Сибилла даже прикрыла глаза.
– Дурачок, я знаю все синонимы и антонимы. Понял? Ты новенький. Ты нэ здешний. Ты откуда? Подожди, не говори. Я попробую вычислить, а ты мэна поправишь.
Она почти отгадала, внимательно, словно врач, разглядев его. В ее беззастенчивости и бесцеремонности было столько дружеского, что это не вызывало отрицательных реакций у Коршака. Он только удивился, почему второй раз его таким образом удачно «вычисляют». А все было очень просто – о том, что он новичок, можно было догадаться издали. И даже о его профессии. Он сам потом научился делать такие «исчисления», особенно здесь, вернее, именно здесь, в этом доме, среди этих людей. Но Сибилла не сказала ему этого, не сказала, как она исчислила. Ощущение бессилия, пустоты, провала какого-то, точно внутри от горла в грудь, в легкие образовалась широкая горячая труба – дышал через эту трубу огненным воздухом.
И вдруг увидел перед собой добрые встревоженные глаза Сибиллы. Она почти переехала по эту сторону стола со своим стулом, и теперь, положив на плечи Коршаку теплую мягкую руку, заглядывала ему в лицо.
– Э-э, мальчик… Ты добрый мальчик… Так нельзя, дорогой. Се ля ви. Вырастешь – разберешься, не нашего ума дело это. Ты, наверное, очень издалека появился здесь? Да? Сибилла права?

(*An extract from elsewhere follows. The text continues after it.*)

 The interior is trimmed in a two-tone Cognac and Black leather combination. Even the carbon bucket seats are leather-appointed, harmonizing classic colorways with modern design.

– Да, издалека, Сибилла, вы правы…
– О, дарагой. Зови меня на «ты». Говори: – ты, Сибилла. У нас так не принято – называть друг друга во множественном числе. Друг один, это он. Понимаешь? Ты – друг, он – друг или брат.

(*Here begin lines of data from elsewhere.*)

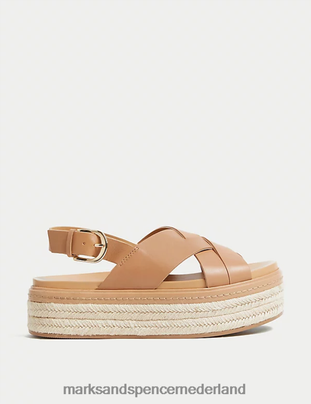Marks & Spencer vrouwen leren gekruiste platte sandalen bleekbruin schoenen N8VZP2448
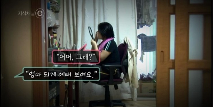 한참 동안 거울을 바라보는 엄마의 소녀 감성
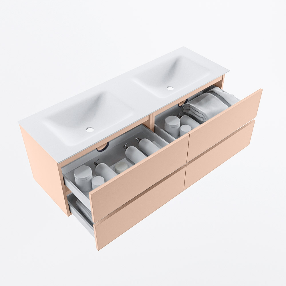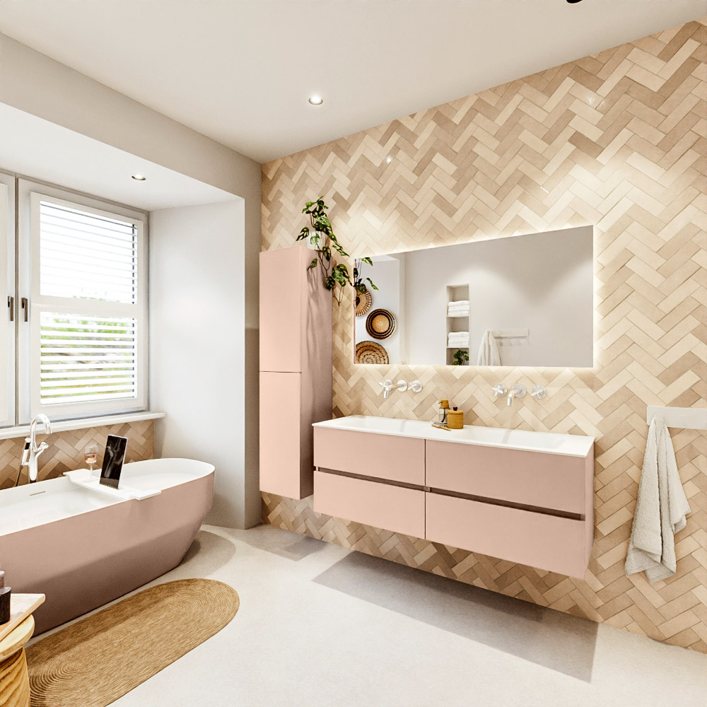 Ya sea que elija un color o un acabado de madera, un mueble de baño a medida, con o sin agujeros para grifos, el conjunto de muebles de baño Vica lo tiene todo. Con la serie Vica, puede elegir entre 3 modelos de lavabos: CLOUD y MOON en Solid Surface, con opciones de lavabo a la derecha, izquierda, en el medio o doble, y con o sin agujeros para grifos. También está el lavabo de cerámica DENIA con opciones en el medio y doble. El conjunto de muebles de baño Vica está disponible en una amplia gama de tamaños estándar, desde 60 cm hasta 200 cm, que aumentan en incrementos de 10 cm. El mueble de baño Vica está disponible en hasta 25 colores, incluyendo nuestros colores especiales Oro y Plata. Si no encuentra el tamaño o color ideal, siempre es posible hacer un pedido a medida. También puede coordinar su baño completo con columnas, bañeras, nichos y accesorios, todos en el mismo color. Con el conjunto de muebles de baño Vica, tendrá un mueble fantástico que completa su baño.

Коршак смутно слышал, что она говорила, понимал только, что говорит она что-то хорошее, для него.
Но все-таки что-то нужно было делать – он не умел не делать ничего, просто ждать, чем все кончится. Так еще не бывало с ним ни на «Памяти Крыма», ни на тралении, ни на берегу, ни в питье, ни в ссоре. Коршак стал подниматься. И Сибилла придержала его за запястье.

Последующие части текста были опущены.